A: In three to five years, I’d like to see us be much more integrated into the healthcare system in Vancouver; I’d also like to see us have an affiliate in another city, probably in Calgary. Our ultimate goal is to be a part of a holistic healthcare model in Vancouver, across this province and as far as we can reach.


–        Q: Running the organization, what do you personally spend most of your time on?

A: It is probably enrolling new volunteers and engaging new people into what we do. Lots of people want to hear the story and lots of people want to get involved so my job largely is to help people do that. The volunteers that provide the services to our clients are all professionals in the spa industry, and I am not qualified in that area.


–        Q: You run a nonprofit organization, where do you obtain the funding necessary to provide your services? How can people donate to the Lip Stick Project?

A: We currently operate with the help of donations from Private and corporate donors. Anyone interested in donating to our society, can visit our website at and follow the directions provided.


–        Q: Lastly, I know that your grandparents have been regulars here in Kerrisdale Community Centre for a long time, have you had any involvements with the KCC so far?

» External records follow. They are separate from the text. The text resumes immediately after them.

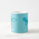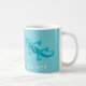 Cute Blue Lizard Gecko Name Mug for Kids. The gecko is blue and has dark spots. The background is bright blue. Personalise with your name. Great for kids who love geckos and animals.
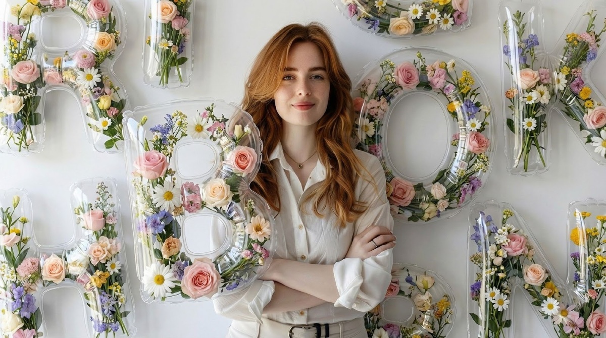 Используй загруженное фото как основу. Сохрани внешность человека на 100%: точные черты лица, пропорции тела, позу, одежду, угол камеры, кадрирование и окружение. Человек должен оставаться полностью узнаваемым и неизменным. Не перемещай, не обрезай, не изменяй размер, не стилизуй и не заменяй человека. Добавь гигантские объёмные 3D-буквы из прозрачных надувных шариков. Буквы сделаны из прозрачного пластика. Внутри каждой буквы: — живые цветы в пастельных тонах: розы, ромашки, полевые цветы, зелень — плотное цветочное наполнение, декоративное и насыщенное — видимые швы, складки, давление воздуха — реалистичные отражения и преломления сквозь пластик Буквы ведут себя как реальные физические объекты в пространстве: — прижимаются к стенам, потолку, полу — перекрывают друг друга — частично выходят за края кадра — окружают человека со всех сторон Физическое взаимодействие с человеком: — буквы касаются плеч, рук, спины или ног — деформация в местах касания (мягкое сжатие) — человек не скрыт, но явно ощущает физическое присутствие букв Реализм: правильная гравитация, реалистичный вес и давление воздуха, естественная деформация в точках контакта, корректная перспектива. Освещение: буквы наследуют точное освещение оригинальной сцены, реалистичные тени на стенах, полу и человеке, отражения соответствуют среде. Стиль: ультрафотореализм. Никакого CGI-вида, никаких иллюстраций. Всё должно выглядеть физически присутствующим и реальным.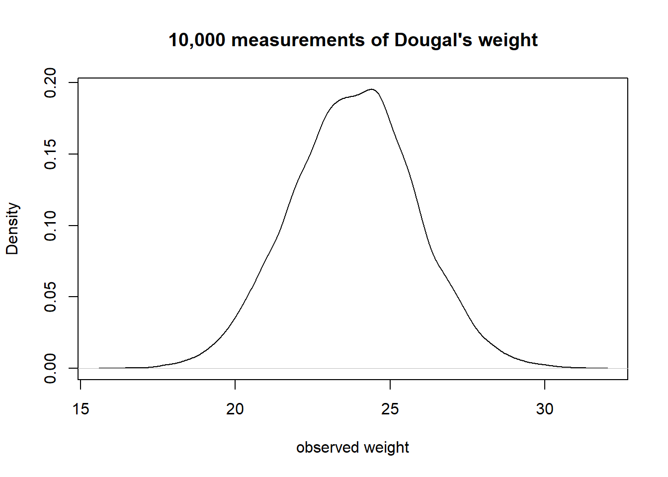 One way to make the idea of “truth” here a little more concrete: let’s suppose that I took my shoddy bathroom scales and weighed Dougal over and over and over and over again (ad infinitum). The numbers I get out will follow a normal distribution, the center of which we can think of as Dougal’s “true” weight (assuming the scales aren’t systematically biased). We often see weights a little higher, often a little lower, less often do we see things a lot higher or lower, etc. So “Truth” here refers to the idea of the ‘long run’ measurement.

If not, do you have any plans?

A: I haven’t had any involvement with the Community Centre yet. If the opportunity presents itself, we would obviously love to be involved with the Centre. Our mandate is very much to work with people who are in very challenging health situations; there is a lot of populations that we would love to serve but because that scope could be so wide, we decided to focus our mission to those most in need.